Que la Querella de los antiguos y los modernos en su formulación literaria muera con el Antiguo Régimen debe más al hecho de que se tomó en serio que a su agotamiento. De la estética pasó a la ética sin perder, inicialmente, un ápice de su capacidad para expresar a través de ella dos visiones encontradas del mundo y de la sociedad que no son del todo evidentes para nosotros. Dice Fumaroli que “Exaltar la Antigüedad y execrar una sociedad “feudal” ya hace tiempo urbanizada y refinada son ahora [durante la Revolución francesa] violentas pasiones políticas, decididas a restaurar en Francia, haciendo tabla rasa, la Esparta de Licurgo y la Roma de Fabricio ensalzadas e imaginadas por Rousseau en su Discurso sobre los orígenes de la desigualdad. La política revolucionaria jacobina y su imaginario neoantiguo, que derribaron el Antiguo Régimen, abominaron de sus incómodas conveniencias y buenas maneras, pero adoptaron el sistema racionalizado y neoclásico de los géneros poéticos elaborado durante el siglo XVIII”. La modernidad vino para encarnar un viejo tema de discusión galante, para proclamar la victoria de un bando sobre el otro, curiosamente el de los “Antiguos” sobre los “Modernos”, no ya por la vía de la razón, sino por la de la guillotina. Y la modernidad seguirá por esa vía en la medida en que buena parte de sus aportaciones más novedosas partirán de una reinterpretación o de una reapropiación, si son cosas diferentes, de los “Antiguos”: Nietzsche reinterpretando a los antiguos griegos, el fascismo reinstaurando la “romanidad”, la estética megaloclasicista de los nacionalsocialistas y los comunistas, e incluso de los edificios que albergan los parlamentos occidentales, puede que con la notable excepción del parlamento británico…
En qué medida la exaltación moderna de lo “Nuevo” ha triunfado como reacción contra las consecuencias políticas y sociales de la Revolución Francesa puede verse en la conocida hipótesis de que el triunfo de las vanguardias artísticas durante la segunda mitad del siglo XX fue un movimiento estratégico de los Estados Unidos de América para contrarrestar la propaganda comunista: que no sea cierto no quiere decir que no sea verdad, o dicho de otro modo, que la historia del arte moderno de los últimos 60 años haya podido ser formulada en esos términos nos indica que las líneas generales de la vieja querella han seguido siendo productivas hasta tiempos muy recientes.

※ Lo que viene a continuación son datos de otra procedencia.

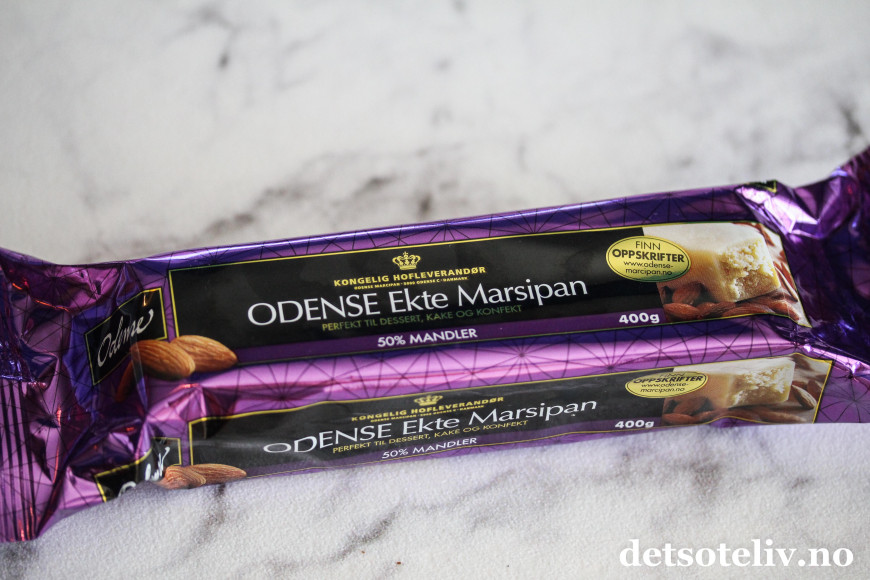 ♥ Jeg synes det er kjempelurt å kjevle ut både mørdeigen og marsipanen på plast (jeg bruker en stor plastpose som jeg klipper opp). Når deigen eller marsipanen er kjevlet ut stor nok, kan man bare ta tak i plasten og hvelve deigen eller marsipanen over formen og så dra av plasten.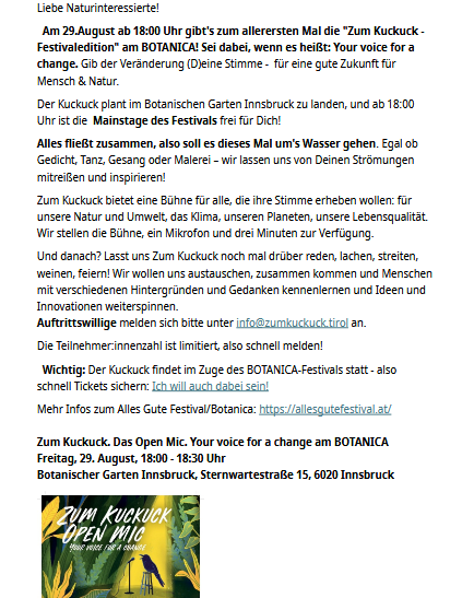 Am 29.August ab 18:00 Uhr gibt's zum allerersten Mal die "Zum Kuckuck - Festivaledition" am BOTANICA!.Zum Kuckuck bietet eine Bühne für alle, die ihre Stimme erheben wollen: für unsere Natur und Umwelt, das Klima, unseren Planeten, unsere Lebensqualität. Wir stellen die Bühne, ein Mikrofon und drei Minuten zur Verfügung.

¿Y en qué refuta todo esto mis tesis de la semana pasada? En que los conceptos de tradición y modernidad, y su relación con la oralidad y la escritura, respectivamente, son menos evidentes, o mucho más complejas, de lo que había formulado. Y con ello me divierto en clase, con mis alumnos: en hacerles ver que toda apariencia de claridad y sencillez, de simplicidad, es al fin y al cabo sólo apariencia.